A healthy gut is characterised by preserving a perfect intestinal equilibrium and thereby promoting the growth of obligate anaerobes over facultative anaerobes. To do so, maintaining hypoxia in the gut lumen is essential to prevent the expansion of facultative anaerobes, such as pathogenic Escherichia and Salmonella.41 Nitrate, produced by the enzyme nitric oxide synthase 2 (NOS2) expressed in colonocytes, serves as an energy source for facultative anaerobes. Therefore, regulating host-derived nitrate and oxygen is crucial for maintaining symbiosis. Recent findings suggest that obligate anaerobes also prevent the expansion of facultative anaerobes by limiting host production of nitrate and oxygen.42 From a mechanistic point of view, this can be achieved when colonocytes are consuming oxygen to β-oxidise butyrate. This contributes to luminal hypoxia by reducing oxygen diffusion into the gut lumen and eventually helps to maintain anaerobic conditions in the lumen. Butyrate also binds to peroxisome proliferator-activated receptor gamma (PPARγ), inhibiting NOS2 and reducing nitric oxide (NO) and nitrate production. Immune cells also respond to butyrate through GPR43 and GPR10940 (for review see Mann et al43). Moreover, PPAR-γ activates mitochondrial β-oxidation in macrophages consuming oxygen as well.44

In pathological conditions, low butyrate levels in the lumen lead to decreased PPARγ activity, increased glycolysis and reduced oxygen consumption. This results in higher NOS2 expression, more NO production and increased nitrate availability for specific pathogens. Recent studies have indicated the importance of butyrate-producing bacteria in the gut. Microbiota analysis of two cohorts showed butyrate producers to be associated with reducing the risk of hospitalisation due to infectious diseases.45 Moreover, this effect may be causal since administration of the butyrate-producer Anaerobutyricum soehngenii was found to improve health in patients with type 2 diabetes .46

Goblet cells and mucus

Among the other components of the gut barrier, it has been shown that the mucus layer plays a major role (for review see Paone and Cani47). Mucus primarily consists of various components, including 90%–95% water, electrolytes, lipids (1%–2%), proteins and other substances. This secretion is dilute, aqueous and viscoelastic due to the presence of specialised proteins known as mucins. Mucins are a family of large, complex, glycosylated proteins. These mucins, which make up 1%–5% of the mucus, are the key structural and functional elements (for review see Paone and Cani46 and Gustafsson and Johansson48). There are different types of mucins in the intestinal tract and besides the composition of the mucins, a healthy gut is characterised by an adequate mucus thickness, which is not (or poorly) penetrable by bacteria. The turnover of the intestinal mucus layer encompasses the processes of mucus synthesis, secretion and degradation. This is a finely tuned mechanism that must be carefully regulated and balanced to maintain proper mucus function (for review see Paone and Cani47 and Gustafsson and Johansson48) (figure 3).

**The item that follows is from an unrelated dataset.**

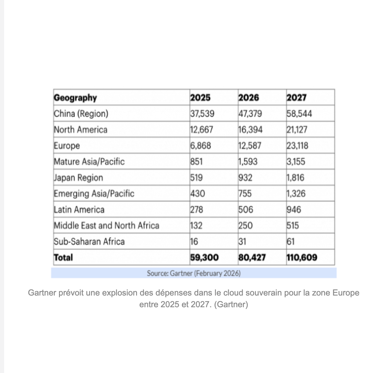 Après la multiplication des annonces autour des clouds dits souverains, Gartner donne une version chiffrée de l'appétence des organisations européennes pour ce type d'offres. Le cabinet d'analyse estime que la zone Europe va voir ses investissements dans ce domaine plus que tripler entre 2025 et 2027 en passant de 6,86 Md$ à 23,11 Md$. Au niveau mondial, les dépenses vont passer de 59,3 Md$ en 2025 à 110,6 Md$ en 2027.

Recent data show that several prebiotics might also contribute to the regulation of the mucus production, composition and degradation. For example, fructo oligosaccharide (FOS) treatment can prevent high-fat diet (HFD)-induced metabolic disorders by stimulating the production of glucagon like peptides 1 and 2 (GLP-1 and GLP-2),49 50 but also likely at least in part, by acting on all the processes of the mucus production.51 Prebiotic treatments like 2′-fucosyllactose (2′FL), an abundant component of human milk oligosaccharides (HMOs), have been shown to enhance gut barrier integrity by influencing the mucus layer and contributes to protection against obesity in vivo.52 In the context of HFD feeding, 2′FL supplementation can counteract obesity and metabolic alterations. It is associated with changes in the intestinal mucus layer, characterised by increased expression of secreted and transmembrane mucins, glycosyltransferases and alterations in mucin glycans composition.52 Therefore, HMOs not only contribute to the maturation of the infant gut barrier,53 but in high concentrations they enhance intestinal epithelial cell function, reduce inflammation and metabolic disorders likely through gut microbiota–mucus barrier dependent mechanisms.52

Immune cells

Maintaining a healthy gut barrier is essential for a healthy gut microbiome, as the gut microbiome plays a pivotal role in our overall health, affecting everything from immune responses to metabolic processes.2 54 Indeed, substantial research has shown that the gut microbiome and the immune system are in constant communication, with gut microbes influencing the activity of our immune defence mechanisms (B cells, T-cells, myeloid cells, innate lymphoid cell (ILC)).55 This interaction is a delicate balance, as imbalances in T-cell activity can lead to a range of health issues, including inflammatory and autoimmune diseases.56 Disruptions in the gut microbiota and the resulting microbiome impact are hallmark traits of IBD. This condition is marked by a notably low presence of butyrate-producing bacteria, including Faecalibacterium spp or Roseburia hominis alongside diminished butyrate levels. Some other bacteria such as Bifidobacterium spp are participating in trophic chains with acetate–lactate converting butyrogens, such as Anaerostipes or Anaerobutyricum spp.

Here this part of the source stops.